Vers le radeau, Pratha ! Prends les Rébéens avec toi, Vartajj aussi. On doit fuir, hurla ce dernier en pensée.

 Tout, du mouvement crispé de ses doigts sur la queue de détente de son fusil, aux micro-tremblements dont était parcouru son visage, semblait crier panique.

 Pratha s’exécuta immédiatement, força un Malki répétant en boucle le nom de son ami de toujours à le suivre, et approcha de la berge. Une fois prêt, le Prince se replia, tenant la main de Vartajj serrée au possible dans la sienne, et se jeta sur l’embarcation. Il resta longtemps sur le pont, immobile, observant son armée se faire charcuter au canon dans un véritable théâtre d’enfer. Au-dessus de la forêt, une épaisse fumée noircit le ciel, si bien qu’il ne resta bientôt plus que de la suie, de la boue, et des flammes.

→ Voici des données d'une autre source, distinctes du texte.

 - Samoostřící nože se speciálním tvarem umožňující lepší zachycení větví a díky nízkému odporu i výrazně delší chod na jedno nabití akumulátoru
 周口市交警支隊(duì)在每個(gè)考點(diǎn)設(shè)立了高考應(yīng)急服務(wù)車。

 Malki, Kéber, Djéma et Yahoun pleuraient, s’arrachaient les cheveux, hurlaient à la mort tandis qu’on s’éloigna du carnage. Des autres radeaux sur la Dousse ne résonnaient que des cris de colère et de désespoir, des noms, agglutinés ensemble par les endeuillés, ne formant plus qu’une seule fresque auditive des horreurs commises par les impériaux.

 Vartajj était la seule à maintenir un semblant de calme, quoique le rythme irrégulier de sa respiration trahisse ses vrais sentiments. Tindashek, quant à lui, ne disposait plus d’assez d’énergie dans sa voix pour continuer à pleurer, et se tenait prostré contre le bolsabak, occupé à laper généreusement sa mine noircie par la cendre.

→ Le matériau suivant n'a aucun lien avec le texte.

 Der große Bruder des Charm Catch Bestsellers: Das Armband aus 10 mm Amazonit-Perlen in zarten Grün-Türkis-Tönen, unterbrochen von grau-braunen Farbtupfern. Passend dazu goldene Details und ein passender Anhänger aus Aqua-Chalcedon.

 Au-dessus du fleuve, les psychés d’une quarantaine de soldats suintaient au-dessus d’eux avant d’être happées par l’immense noirceur de la fumée. Sur la berge apparurent des masses humaines recouvertes de mousses et d’herbes, aux visages noyés sous une épaisse couche de peinture couleur gadoue.

 En les apercevant, Bhagttat se releva d’un bond et ordonna de faire feu. Une averse de lasers et de balles métalliques fusa depuis les embarcations, à laquelle se joignirent bientôt celle des tirs ennemis.

 Alors qu’il rechargeait son fusil, Pratha remarqua l’expression affreuse sur le visage de Malki, d’une férocité qu’aucun animal n’aurait pu arborer, mâchoire écrasée sous le poids de la colère. Le colosse avait cessé d’appeler Sayyêt, et s’était désormais résolu à cribler de manière méthodique chacun de ses bourreaux.

 Malgré la vitesse du courant, l’éclat mortel des lasers et l’agitation tout autour, il atteignit sans peine les snipers et déchira avec une hargne sans pareille leurs corps, ne laissant derrière ses tirs que des masses informes, écrasées au sol et dévorées par le feu.

 Bientôt, les berges se dégarnirent de toute présence, et ne resta plus que le terrible concert de sanglots dont était parcouru le lambeau d’armée rescapé.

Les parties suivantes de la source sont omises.